Google Ngrams is a dataset of word frequencies over time, based on Google books1. There are files for different numbers of words (1, 2, 3, 4, and 5 word combinations). Unzipped, the 1 word files are just under 30 GB, which is large, but manageable on a developer workstation.
The files are partitioned by the first character of the word, and are grouped by the year of publication. From this, you get the number of books that use a word in a given year, and the number of times the word is used overall. Note these can be quite large numbers, so you need bigint.
I think it makes sense to import each file into it’s own table, because then you can choose to query them separately to test the performance of what you want to do.
create table ngrams_0 (
ngram varchar,
year int,
match_count bigint,
volume_count bigint
);
create index on ngrams_0 (
ngram,
volume_count
);
create table ngrams_1 (
like ngrams_0
including indexes
);
Postgres has a built-in CSV importer, which seems to be quite fast.

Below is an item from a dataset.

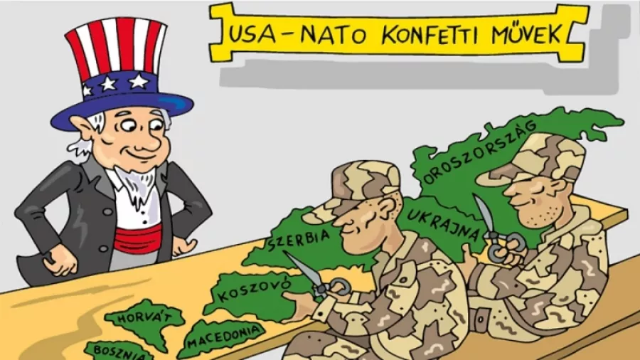 SARAJEVO, (Patria) - Mađarski su udžbenici puni laži i kontroverznih crteža. U udžbeniku geografije za osmi razred mađarskih osnovnih škola nalazi se crtež koji prikazuje podjelu Jugoslavije devedesetih, koju cijepa NATO-a pod američkim nadzorom.
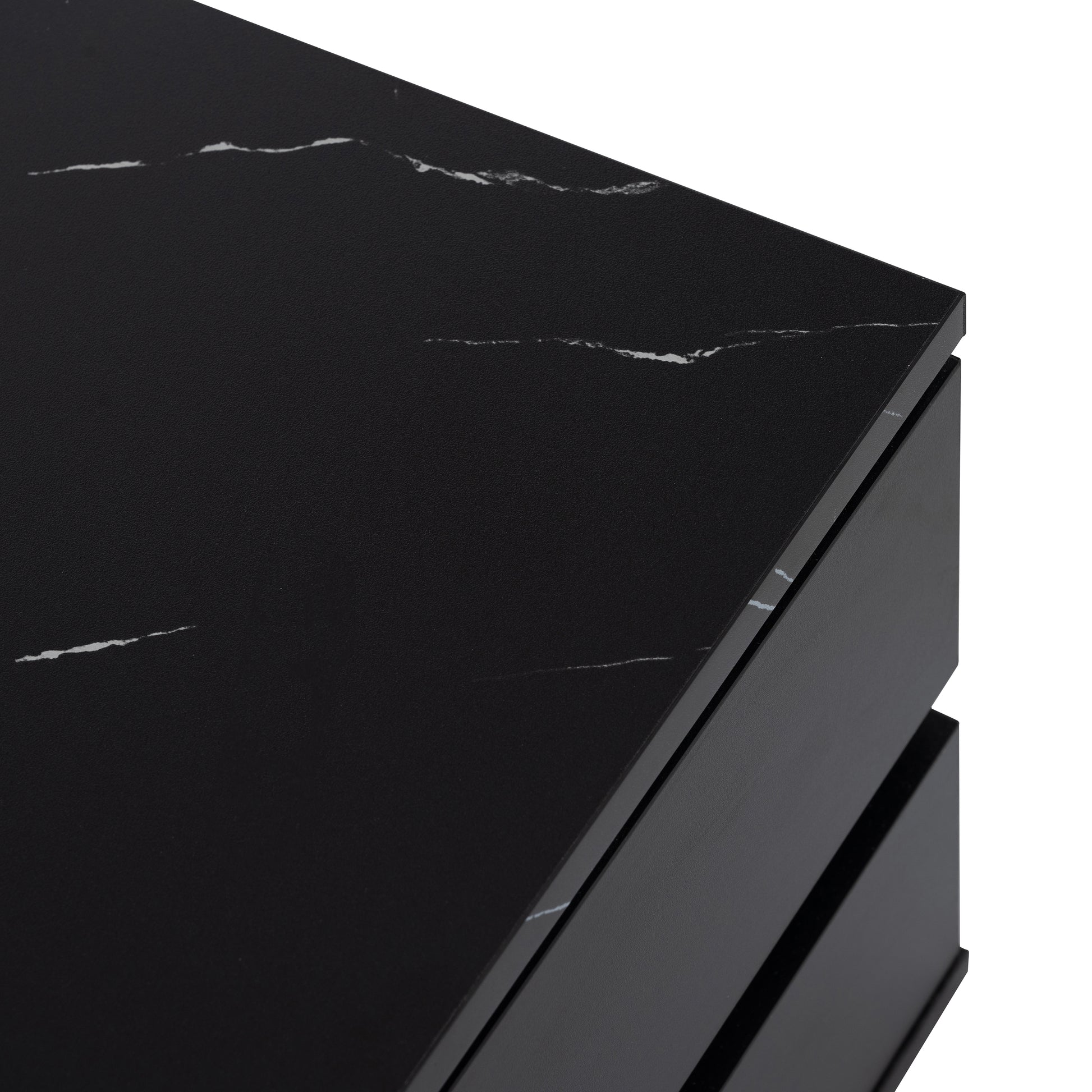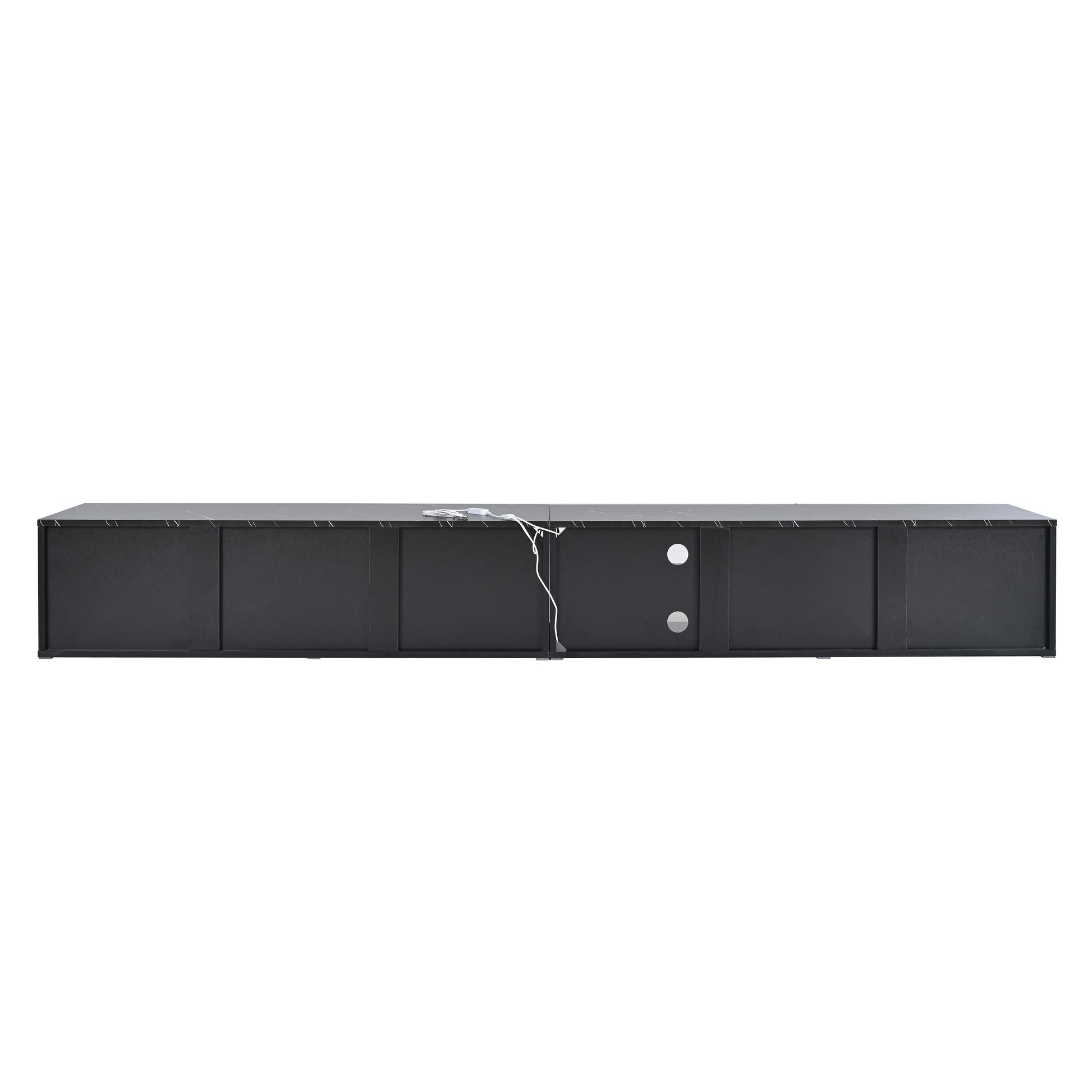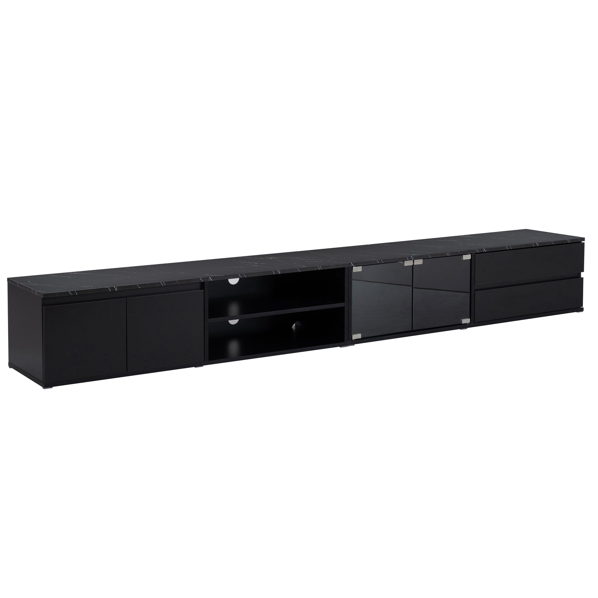 Modern App Controlled Led Tv Stand For Tvs Up To 105'', Faux Marble Tabletop Media Console With Tempered Glass Doors, Entertainment Center With 2 Drawers & Cabinets For Living Room, Black Black 90 Inches Or Larger Particle Board Mdf

psql -c "\COPY ngrams_o FROM 'z:\googlebooks-eng-all-1gram-20120701-o' DELIMITER '\t' ENCODING 'utf-8'"
It doesn’t do any error handling – it just stops if it doesn’t know what to do. I explored using pgloader or a multicorn based foreign data wrapper (file_fdw is a COPY wrapper), as an alternative, but found these were more difficult to configure on Windows than I wanted.
Rather, I found that there was only one error condition preventing COPY from work, which was slashes in the dataset. I didn’t really want these anyway, so I removed these rows ahead of time. This technique also works well to pre-filter the files to a single year, which makes prototyping a lot easier.
for f in googlebooks*
do
echo filtered.$f
grep -v '\\' $f > filtered.$f
done
Once you do this, you may want a view across all the tables:
create table all_ngrams as
select * from (
select * from ngrams_0 union all
select * from ngrams_1 union all
...
) all
Once you have this, you can do interesting queries, like TF-IDF2:
with words as (
select doc_id, word, cnt, sum(cnt) over(partition by doc_id) wc
from (
select 'error' as word, 10 as cnt, 1 as doc_id
union all
select 'an' as word, 5 as cnt, 1 as doc_id
union all
select 'occurred' as word, 7 as cnt, 1 as doc_id
) wc
)
select *, sum(tf_idf) over () score
from (
select doc_id, word, cnt, tf, volume_count, idf, tf*idf tf_idf
from (
select
doc_id,
words.word,
words.cnt,
words.cnt::float / words.wc tf,
aw.volume_count,
ln(206272::float / aw.volume_count) idf -- max(volume_count)
from words
left join all_ngrams aw on aw.ngram = words.word
) scores
) total_score;